KUALA LUMPUR, July 11 (Bernama) -- The Home Ministry will be working together with the United Nations High Comissioner for Refugees (UNHCR) to upgrade the UNHCR card in Malaysia, said its minister Datuk Seri Dr Ahmad Zahid Hamidi.
He said the new card would be fitted with radio frequency identification (RFID) technology so that refugees can be tracked via satellite.
He said the new identification card would also serve as a debit card to facilitate money withdrawal or for expenditure, apart from preventing forgery.
He said the minimal cost for the upgrading of the card would be borne by the refugees themselves.
"I have held talks with UNHCR, and am waiting for their agreement on these security aspects before taking further action," he told reporters after visiting the Kuala Lumpur (KL) Wholesale Market in Pusat Bandar Utara Selayang here today.
ZAHID-UNHCR CARD 2 KUALA LUMPUR
Ahmad Zahid said in Malaysia 104,070 refugees held the UNHCR card while 50,000 more refugees did not.
He said most of the foreigners working at the market did not have any documents or the UNHCR card but acted as though they were refugees when the authorities asked for identification.
"For this week, the Immigration Department will monitor them. After that, my ministry will cooperate with UNHCR to find the best possible solution to overcome this problem," he said.
To overcome the issue of Myanmars trading at the market, Ahmad Zahid said the Myanmar embassy had agreed to bear the cost of repatriating 140,000 Myanmars who are in the country illegally, in the shortest possible time.
"However, those repatriated can return provided they follow the proper procedures. Their applications to return to Malaysia will be processed by the Immigration Department," he said.
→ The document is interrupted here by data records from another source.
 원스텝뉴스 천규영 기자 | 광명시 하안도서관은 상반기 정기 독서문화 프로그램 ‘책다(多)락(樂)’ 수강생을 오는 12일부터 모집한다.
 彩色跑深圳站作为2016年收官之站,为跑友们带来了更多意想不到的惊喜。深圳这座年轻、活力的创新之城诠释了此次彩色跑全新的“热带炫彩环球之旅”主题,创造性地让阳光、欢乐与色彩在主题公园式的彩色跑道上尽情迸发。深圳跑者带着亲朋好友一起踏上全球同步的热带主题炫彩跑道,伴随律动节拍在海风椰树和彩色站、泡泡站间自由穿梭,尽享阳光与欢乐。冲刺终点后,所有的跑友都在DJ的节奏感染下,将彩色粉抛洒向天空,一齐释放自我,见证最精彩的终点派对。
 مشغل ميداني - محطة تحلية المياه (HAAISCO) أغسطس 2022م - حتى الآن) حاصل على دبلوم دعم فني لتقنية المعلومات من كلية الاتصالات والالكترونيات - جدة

ZAHID-UNHCR CARD (LAST) KUALA LUMPUR
From Aug 1, 2011 till July 8, 2013, at total of 25,535 Myanmar illegal immigrants were repatriated home.
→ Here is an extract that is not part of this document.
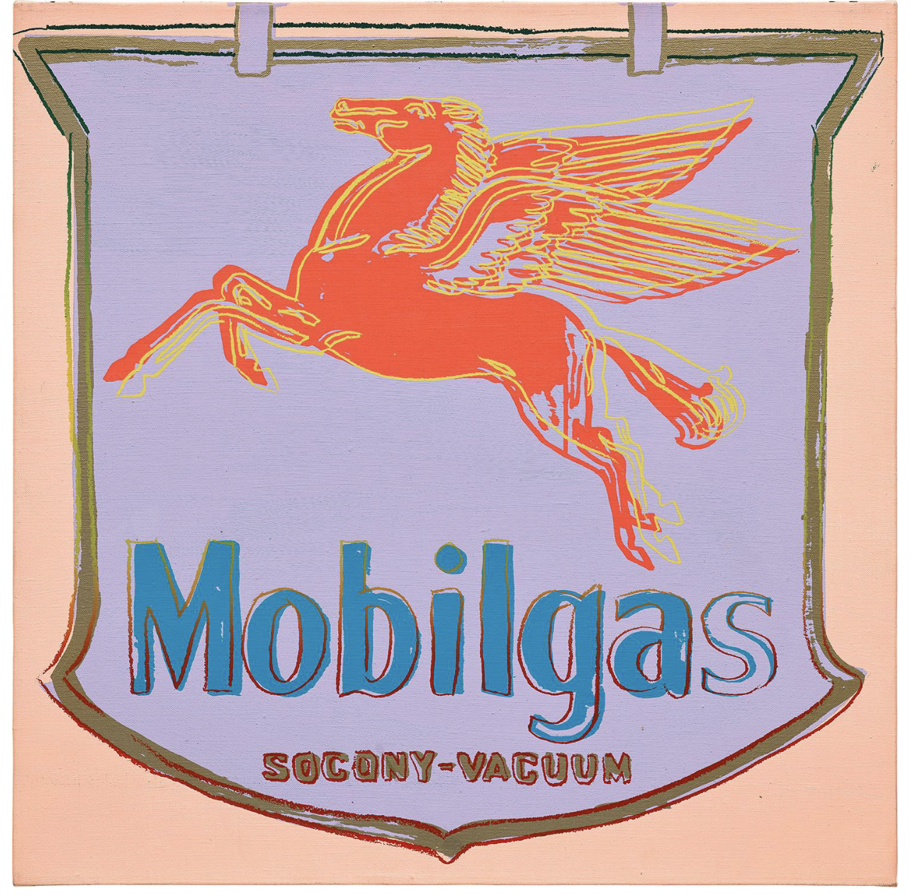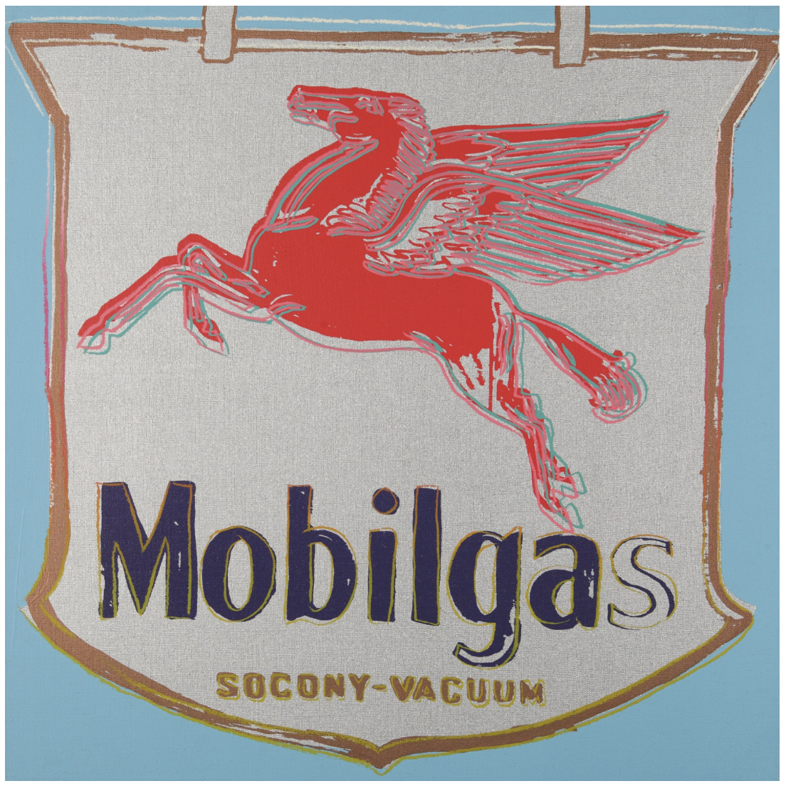 Decades later, the ubiquitous Pegasus – by then one of the most recognized corporate symbols in history – was re-imagined by Andy Warhol as part of his 1985 Ads series. In the standard edition of the Ads series, the Mobilgas Pegasus was printed in its traditional primary red pigment, with electric yellow linework on the logo and Mobilgas name. Yellow gestural lines contrast with the red body of the mythical winged horse, Pegasus, in the center print.The color contrast accentuates the body of the creature originating from Greek mythology, making it the focal point of the print. This technique adds depth to the screen print. While Warhol chose a 1980’s-inspired neon colour palette for this subject, he looked to a vintage iteration of the Mobilgas placard, one of the shield-like metal signs which would have swung in the breeze along Route 66. By taking a piece of Americana and giving it the Warholian twist, the artist looked to both America’s past and future, paving the way for a new generation of creators in the commercial sphere.

On the illegal Myanmar traders at the KL and Selayang wholesale markets, Ahmad Zahid said the issue had to be tackled by all quarters so that the welfare of the public, traders and workers were protected.
"Ninety per cent of the workforce at the markets consist of Myanmars whose services are badly needed because locals do not want to do this type of work. Not all of them have valid UNHCR cards. Most do not have any identity documents.
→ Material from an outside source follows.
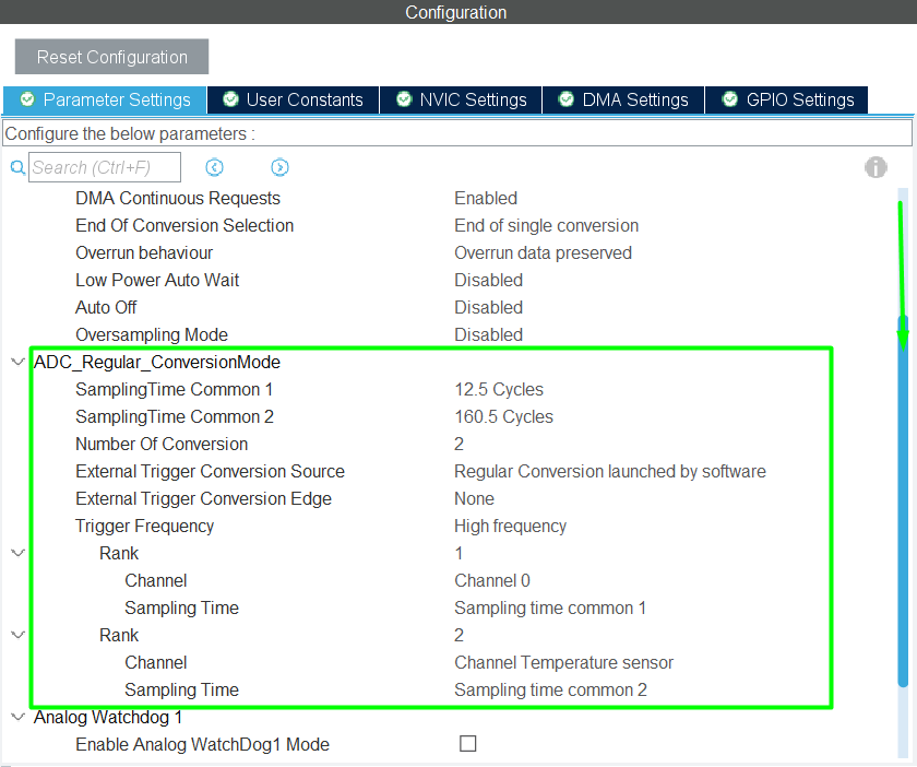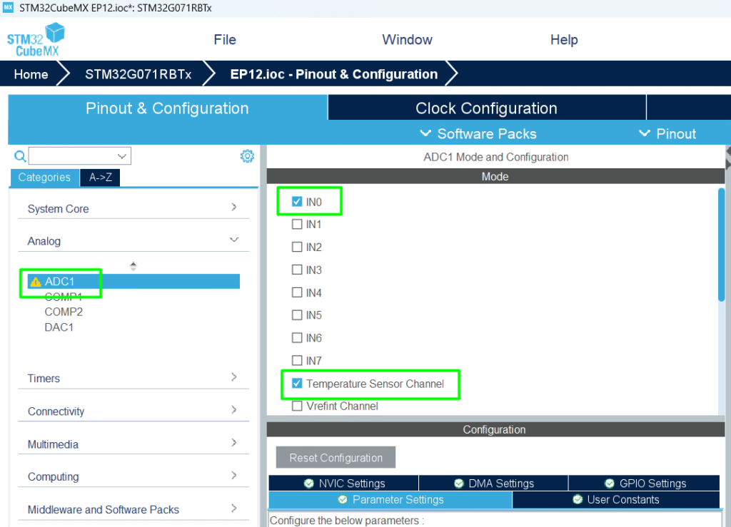 - Enable ADC1 on your sensor pin (e.g., PA0) and the Temperature Sensor

"My ministry is coordinating with UNHCR on this matter, if they qualify as refugees, we will get the Immigration Deprtment to issue them work permits," he said.
However, he said those given permission to work must follow the laws of Malaysia.
Welcoming the decision of allowing refugees to work in Malaysia, Acting representative of UNHCR Michele Manca di Nissa said:"We thank the generosity of the Malaysian government for allowing refugees to stay and work here. And this decision would also put a stop to criticisim on the government. This is a most welcomed humanitarian gesture on the part of Malaysia."